State legislatures across the country were busy in 2023 and so far this year passing comprehensive consumer privacy laws and creating a vexing patchwork of compliance obligations.
Legislatures in Iowa, Indiana, Tennessee, Montana, Florida, Texas, Oregon, Delaware, New Jersey, New Hampshire, Kentucky, Maryland, Nebraska and Minnesota all enacted consumer privacy laws of their own with an additional consumer privacy law in Vermont awaiting action by the Governor. The fifteen laws passed in 2023 and 2024 join laws in California, Virginia, Colorado, Utah, and Connecticut which already are in effect. A chart at the end of this blog post notes each law’s effective date, three of which are effective at the end of this month.
While inspired by the EU General Data Protection Regulation and the California Consumer Privacy Act (“CCPA”), the new state consumer privacy laws take materially different approaches in many ways. States also have passed more targeted privacy laws pertaining specifically to consumer health data (beyond treating it as a category of sensitive personal data), the protection of children (beyond limiting the use of personal data), AI-specific laws (not part of a comprehensive consumer data regime) and laws regulating data brokers (typically controllers that sell personal data they do not directly collect from consumers). Congress continues to consider a federal law that would mostly preempt the state consumer privacy laws, as well as other laws specific to children’s online safety with partial preemption. In the meantime, data controllers (and to a lesser degree processors) face the challenge of determining which state consumer privacy laws apply and whether to apply applicable laws based on consumer residency or to apply a national highest standard to all consumers.

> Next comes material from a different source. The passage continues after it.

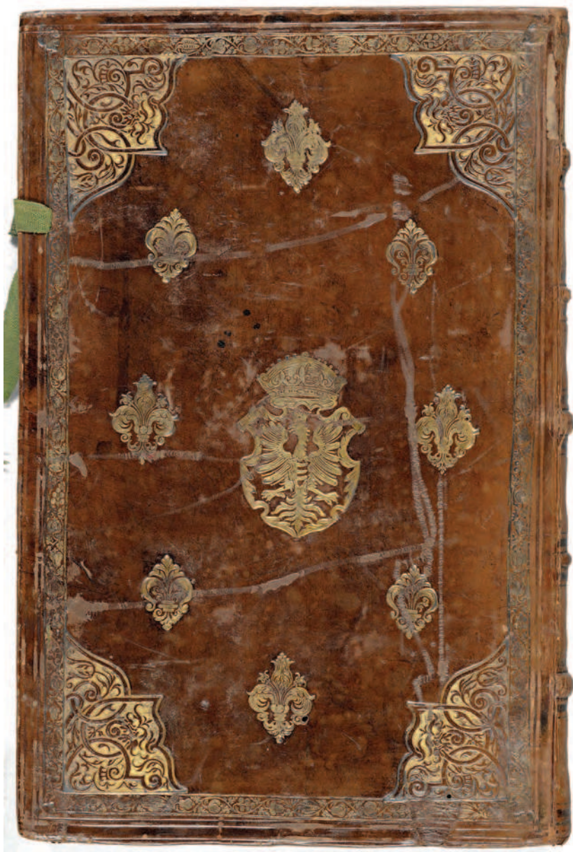
Il. 10. Oprawa z superekslibrisem (dedykacyjnym?) króla Stefana Batorego, intrologator anonimowy, Kraków, prawdopodobnie 1584; Biblioteka Królewska w Sztokholmie

The SPB privacy team has developed a comprehensive guide on state consumer privacy laws, including comparison charts on key issues to help determine which laws apply and tips for enhancing information governance. Most of the new state consumer privacy laws require controllers to conduct and retain documentation of data privacy impact or risk assessments. Minnesota’s new consumer privacy law also requires a documented privacy compliance program reasonably designed to ensure compliance and data inventories. The most recent draft of the federal privacy law mandates privacy-by-design.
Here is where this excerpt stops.